Baker Street

Memory System

How Baker Street's vector memory and observational memory give the agent long-term recall.

Memory System

Baker Street's memory system gives the agent persistent, semantic recall across every conversation. Unlike stateless chat interfaces that forget everything between sessions, Baker Street remembers who you are, what you work on, and what you prefer.

Two-Layer Architecture

Memory operates in two layers that work together.

Vector Memory (Qdrant + Voyage AI)

The primary memory layer stores factual knowledge as vector embeddings in Qdrant.
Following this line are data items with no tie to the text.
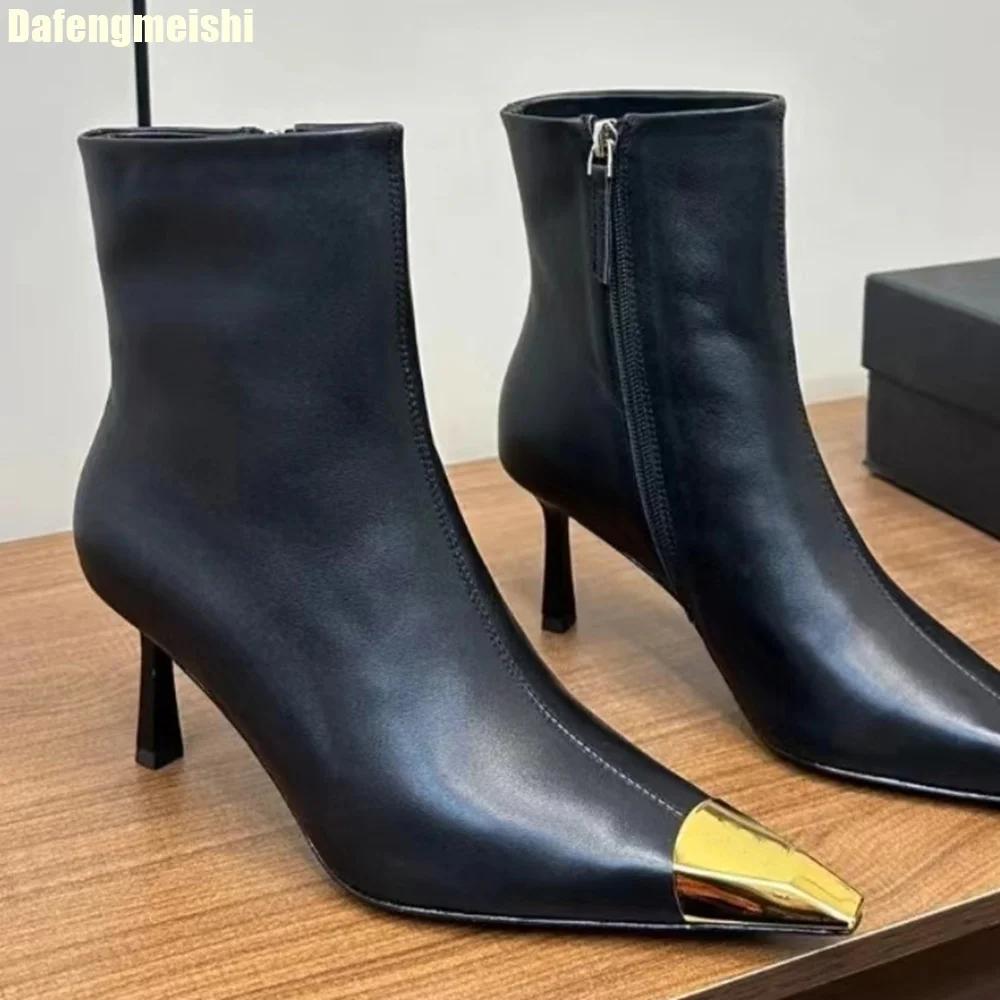 Metal Square Toe Short Boots for Women 2025 New Autumn Winter Plus Velvet Genuine Leather Sexy High Heels Stiletto Knight Boots
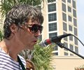Derek Brown (front) and Michael Ivins (back) of the Flaming Lips perform with Josh Carter (middle) of Phantogram.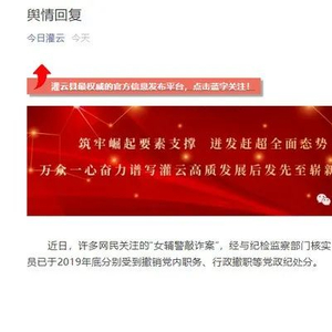 江苏灌云回应女辅警敲诈案:7名公职人员被处分

When you send a message, the Brain:

  1. Embeds the message using the Voyage AI embedding model
  2. Searches Qdrant for memories with high cosine similarity
  3. Injects relevant memories into the system prompt before calling Claude

This means the agent always has context about you. If you mentioned your Kubernetes cluster runs k3s two weeks ago, the agent will recall that when you ask about cluster operations today.
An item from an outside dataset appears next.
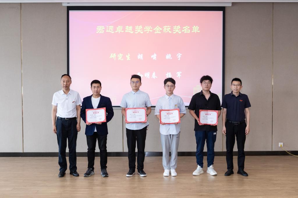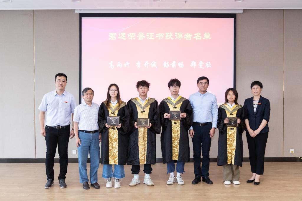 紧接着,李可致辞。他充分肯定了同学们在大学四年从本科课本知识到科创比赛中所取得的不菲成绩,也对同学们提出了“守正笃实,久久为功”“踔厉奋发,勇毅前行”“敢为人先,追求卓越”三点期望。最后他暖心提出君远学院永远是毕业学子的坚强后盾,并祝福同学们前程似锦。随后,嘉宾为获得君远荣誉证书、君远单项奖学金、君远卓越奖学金、君远卓越奖教金等获奖师生颁发证书并合影留念。

Automatic deduplication prevents memory bloat. When a new memory is stored, Baker Street checks for existing memories above 92% cosine similarity. If a near-duplicate exists, the new memory merges with the existing one rather than creating a duplicate entry.

Observational Memory (SQLite)

The second layer captures higher-level patterns. After each conversation, the Brain's observer process (running Haiku for efficiency) extracts structured observations:

  • Decisions the user made
  • Preferences they expressed
  • Facts about their environment
  • Issues they are tracking
  • Procedures they described

A reflector periodically compresses these observations into abstract knowledge. This gives the agent a layered understanding: raw memories at the bottom, synthesized knowledge at the top.

Six Memory Categories

Memories are organized into six categories to keep retrieval focused:

CategoryDescriptionExample
conversationContext from past interactions"User asked about Helm chart upgrades"
factFactual knowledge about the user/world"User's cluster runs k3s on 3 Raspberry Pis"
preferenceUser preferences and opinions"User prefers YAML over JSON for configs"
procedureHow-to knowledge and workflows"Deploy with: kubectl apply -k overlays/prod"
referenceReference material and documentation"NATS JetStream consumer config format"
reflectionSynthesized insights from the reflector"User is building a homelab AI platform"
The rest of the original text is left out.